Istilah Arab untuk pengendalian diri, “al-taqwa,” berkonotasi dengan memperkuat diri untuk menghindari bahaya, dan juga menjadi saleh. Dalam frasa bahasa Arab “takutlah kepada Allah”, “ittaqullah”, kata kerja “ittaqu” (takut) secara morfologis terkait dengan al-taqwa. Dengan demikian, pengendalian diri adalah bentuk rasa takut kepada Allah, yang memasang penghalang untuk melindungi diri sendiri dari melakukan apa yang akan menimbulkan kemurkaan Allah.

  • Perlu diketahui bahwa dalam Buddhisme, istilah Sanksrit “dharma” berarti tindakan pencegahan, sesuatu yang dilakukan seseorang untuk menahannya agar tidak menyebabkan kerugian bagi dirinya sendiri.

[3] Jiwa yang damai (bahasa Arab: al-nafs al-mutma'inna) adalah jiwa yang teguh dalam ketaatannya pada kehendak Tuhan dan dengan demikian benar-benar damai.

Cinta

Beberapa kata Arab yang berbeda untuk cinta muncul dalam Al-Qur'an dari dua kelompok istilah yang berhubungan secara morfologis. Satu kelompok berasal dari akar kata hbb yang terdiri dari tiga huruf, misalnya al-hubb, dan berkonotasi dengan perasaan dekat dengan keunggulan atau ihsan. Kelompok lainnya berasal dari akar kata tiga huruf wdd, misalnya al-wadud, dan berkonotasi dengan perasaan kedekatan yang diungkapkan dalam perilaku dan tindakan seseorang terhadap orang lain. Meskipun setiap istilah dalam kedua kelompok ini memiliki konotasi yang sedikit berbeda, namun sulit untuk membedakannya hanya berdasarkan Al-Qur'an. Oleh karena itu, di sini kita hanya akan membahas ciri-ciri cinta yang paling umum seperti yang dicontohkan oleh istilah-istilah ini sebagaimana yang digunakan dalam Al-Qur'an.

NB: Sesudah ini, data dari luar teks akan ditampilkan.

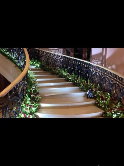 Beyond the main ceremonies, I design custom decor for any family event. This includes elegant stage backdrops, seating arrangements, and unique floral accents for spaces like staircases.
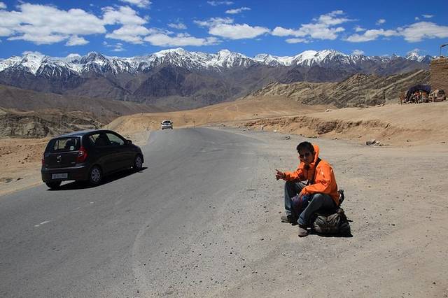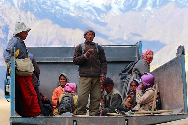 拉达克地区交通不是很方便,有时候一天只有一趟班车经过,于是只得在路边搭车。大部分的时候搭车是需要给钱的,偶尔有些私家车司机比较好心,就免费搭乘一段了。
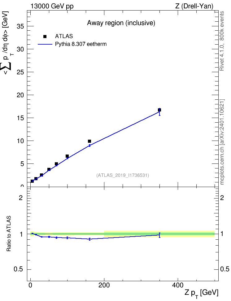 Lines: data, pythia8 8.307 eetherm |
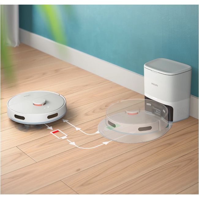 Ciesz się sprzątaniem bez wysiłku dzięki robotowi, który odkurza i mopuje podłogę z niezwykłą mocą ssania. Korzystaj z urządzenia przez 70 dni wygodnie i bezproblemowo dzięki stylowej stacji automatycznego opróżniania. Odkryj zaawansowane sprzątanie dostosowane do potrzeb Twojego domu.
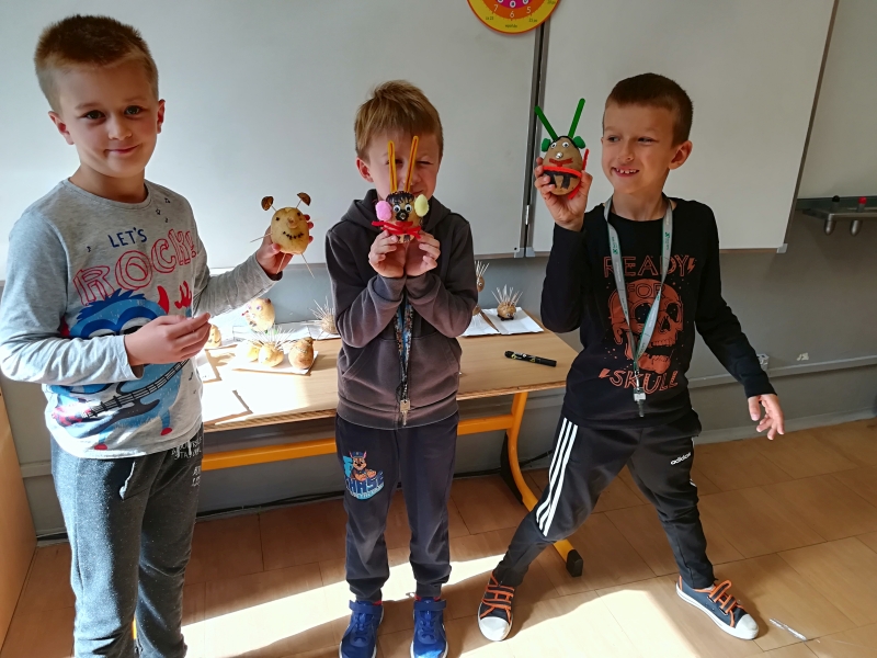 Jesień to pora roku, która dostarcza wielu pomysłów. Klasa 2a robiła ,,Cudaka z ziemniaka” , malowała jesienne krajobrazy, założyła kącik ,,Dary jesieni”, przygotowała przedstawienie wiersza J. Brzechwy ,,Na straganie” oraz poszerzyła znajomość języka angielskiego o nazwy warzyw, kolorów i pór roku.
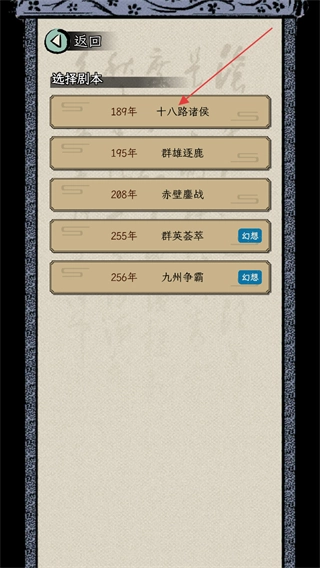 打开三国人生模拟游戏后,先进入剧本选择界面,挑选一个你想体验的剧本并点击进入即可开始游玩。
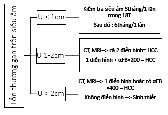 Tiến trình: Bệnh sử (Viêm gan B, C, xơ gan, nghiện rượu..) àĐánh giá toàn trạng: gan, cổ trướng. vàng da, xuất huyết. à XN: AST, ALT, γGT, Albumin, đông máu, Bilirubin, HbsAg, anti-HCV ( định lượng HBV-DNA, và HCV-DNA) à SA, CT à Chụp XQ, CT phổi đánh giá di căn
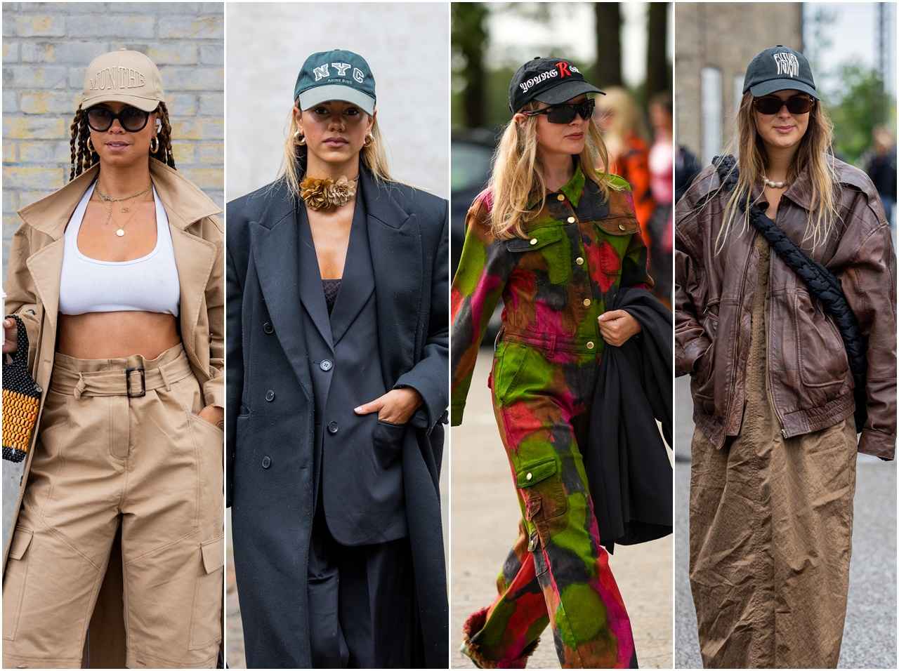 そのほか帽子では、引き続き刺繍でロゴをあしらったベースボールキャップもトレンドが継続。浅めのシルエットのキャップをチョイスするファッショニスタが多かった。
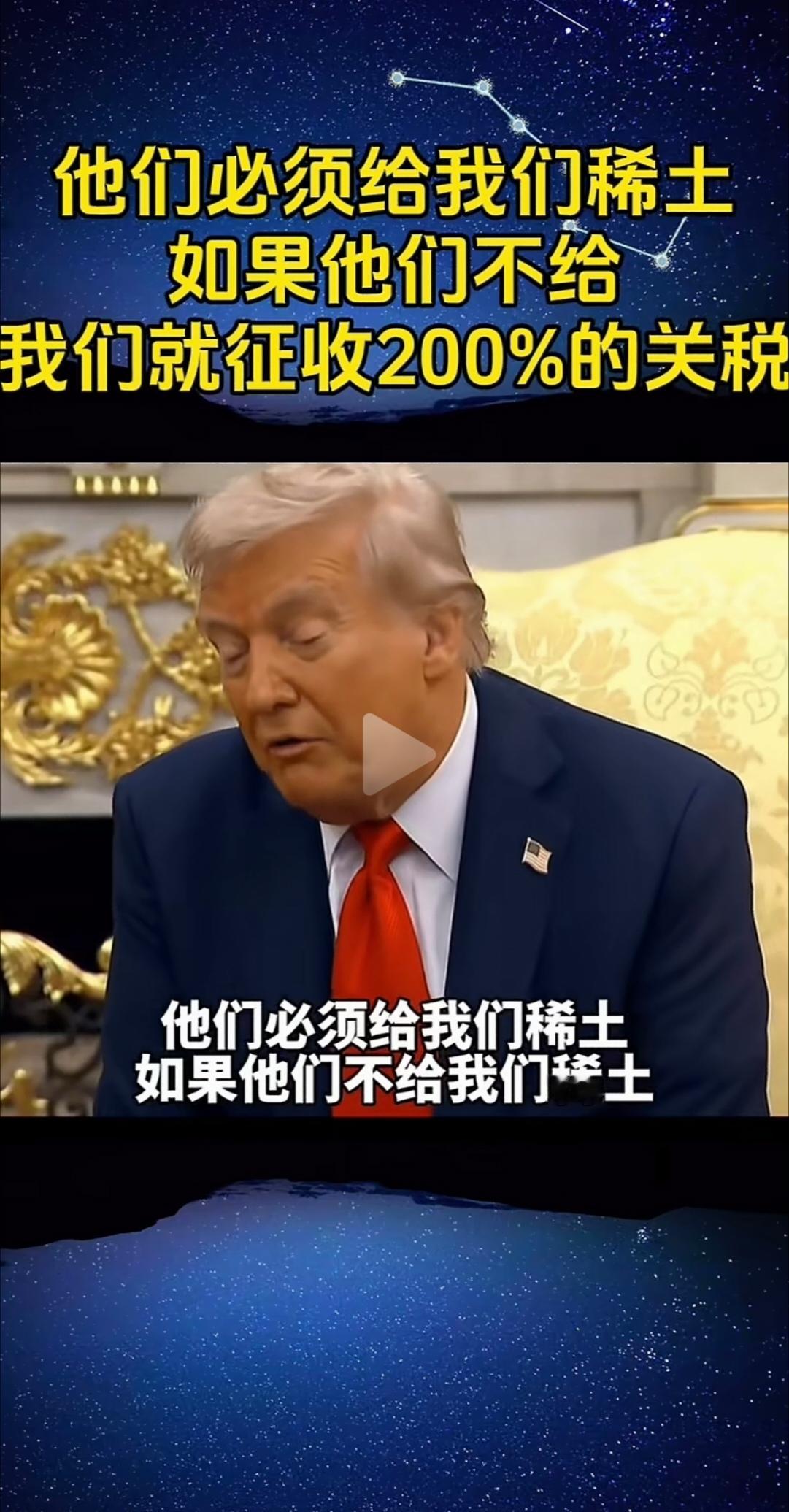 美国总统特朗普公开对媒体说,中国必须给美国出口稀土,如果限制了,那么美国将对中国

Dalam hal Tuhan, Allah adalah pencipta seluruh alam semesta dan semua makhluk di dalamnya. Dia menciptakan mereka dengan keunggulan (bahasa Arab: al-ihsan) dan cinta-Nya adalah perasaan kedekatan terhadap semua keunggulan yang telah Dia ciptakan. Namun, Allah lebih memilih manusia daripada bentuk kehidupan lain yang diciptakan-Nya, bahkan para malaikat sekalipun. Oleh karena itu, Allah menciptakan manusia dengan Roh-Nya, dalam bentuk yang paling baik, dalam keadaan suci, dan dengan kepercayaan-Nya untuk menjadi wakil-Nya di bumi. Sebagai anugerah, Allah juga menganugerahi atau memberkahi setiap orang dengan berbagai sifat baik, seperti cinta, kepada mereka.  

Allah menciptakan manusia dan jin yang tidak terlihat agar mereka dapat mengasihi dan menyembah-Nya. Namun, Dia juga memberikan kehendak bebas kepada mereka, sehingga mereka dapat memilih untuk mengasihi dan menyembah-Nya atau tidak. Allah memberikan bimbingan kepada setiap orang dalam bentuk kecenderungan bawaan mereka untuk mendekat kepada Allah, tetapi beberapa orang lebih memilih untuk mengikuti kehendak diri mereka yang buta. Dengan demikian, karena kehendak bebas, manusia dapat mengarahkan cinta mereka, yaitu perasaan kedekatan mereka, baik kepada apa yang sebenarnya baik dan sesuai dengan kehendak Allah atau mereka dapat mengarahkannya kepada apa yang secara keliru mereka anggap baik, tetapi bertentangan dengan kehendak Allah dan bertentangan dengan apa yang sebenarnya baik. Cinta manusia juga dapat diarahkan kepada orang lain, dan juga kepada semua ciptaan Allah.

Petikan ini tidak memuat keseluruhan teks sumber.